• [Problem details]: Across the whole listing, return each line exactly, with no images included.

• [Recorded information]:
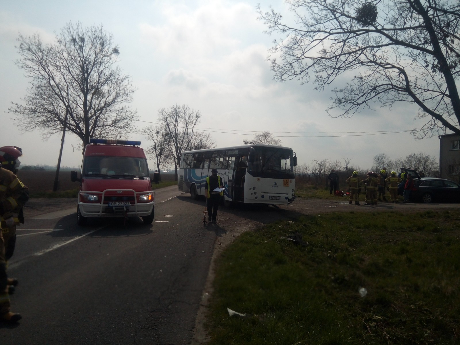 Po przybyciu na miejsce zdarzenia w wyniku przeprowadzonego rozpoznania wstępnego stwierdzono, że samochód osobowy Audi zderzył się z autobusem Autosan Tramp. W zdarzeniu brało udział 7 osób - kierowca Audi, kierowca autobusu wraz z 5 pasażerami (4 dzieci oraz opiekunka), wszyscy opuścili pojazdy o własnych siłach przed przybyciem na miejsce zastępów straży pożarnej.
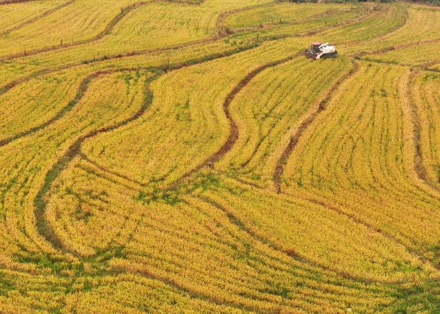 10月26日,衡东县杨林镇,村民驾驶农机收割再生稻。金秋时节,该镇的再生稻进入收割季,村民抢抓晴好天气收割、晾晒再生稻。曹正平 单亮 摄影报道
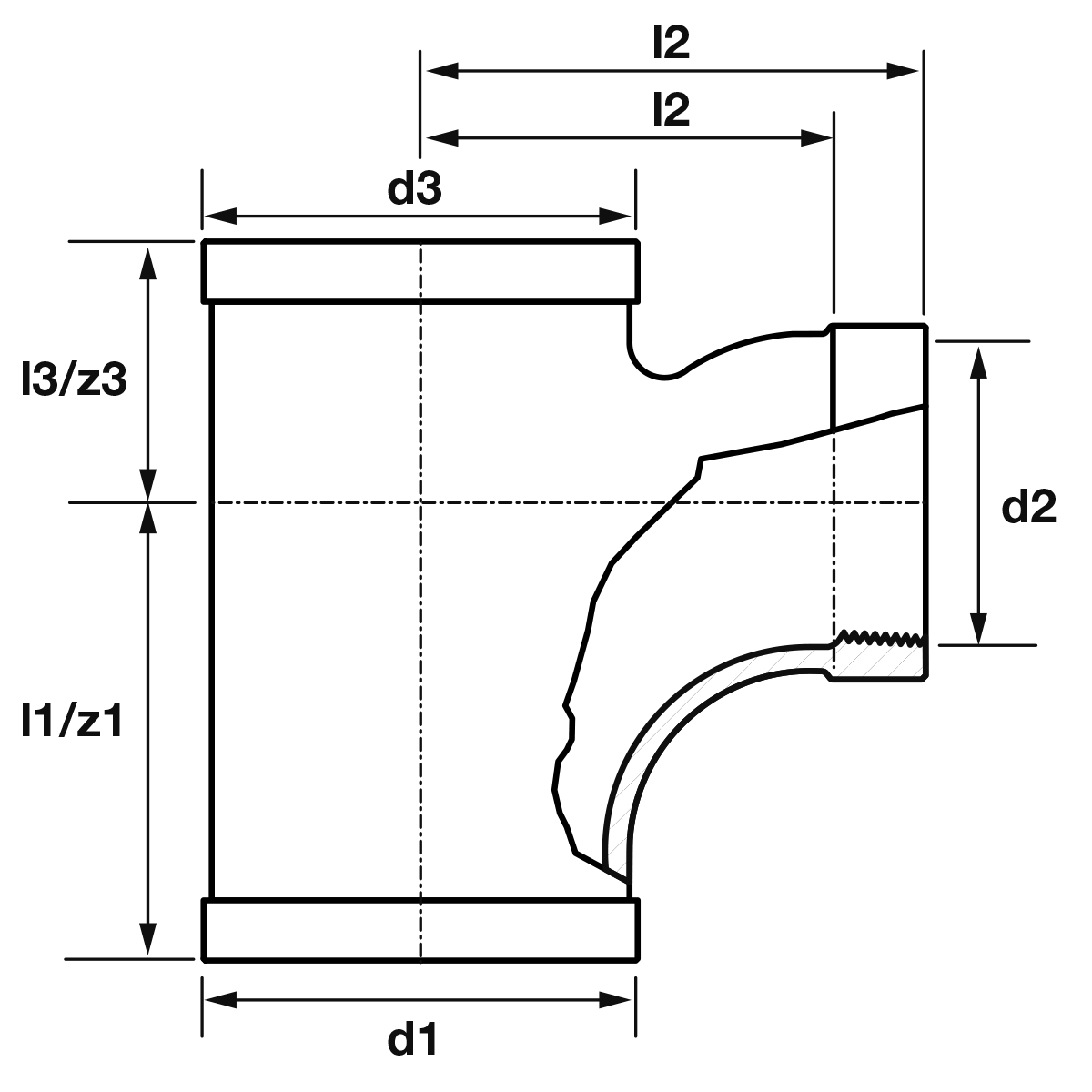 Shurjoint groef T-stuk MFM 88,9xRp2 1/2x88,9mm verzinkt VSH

• [Written answer]:
 Po przybyciu na miejsce zdarzenia w wyniku przeprowadzonego rozpoznania wstępnego stwierdzono, że samochód osobowy Audi zderzył się z autobusem Autosan Tramp. W zdarzeniu brało udział 7 osób - kierowca Audi, kierowca autobusu wraz z 5 pasażerami (4 dzieci oraz opiekunka), wszyscy opuścili pojazdy o własnych siłach przed przybyciem na miejsce zastępów straży pożarnej.
 10月26日,衡东县杨林镇,村民驾驶农机收割再生稻。金秋时节,该镇的再生稻进入收割季,村民抢抓晴好天气收割、晾晒再生稻。曹正平 单亮 摄影报道
 Shurjoint groef T-stuk MFM 88,9xRp2 1/2x88,9mm verzinkt VSH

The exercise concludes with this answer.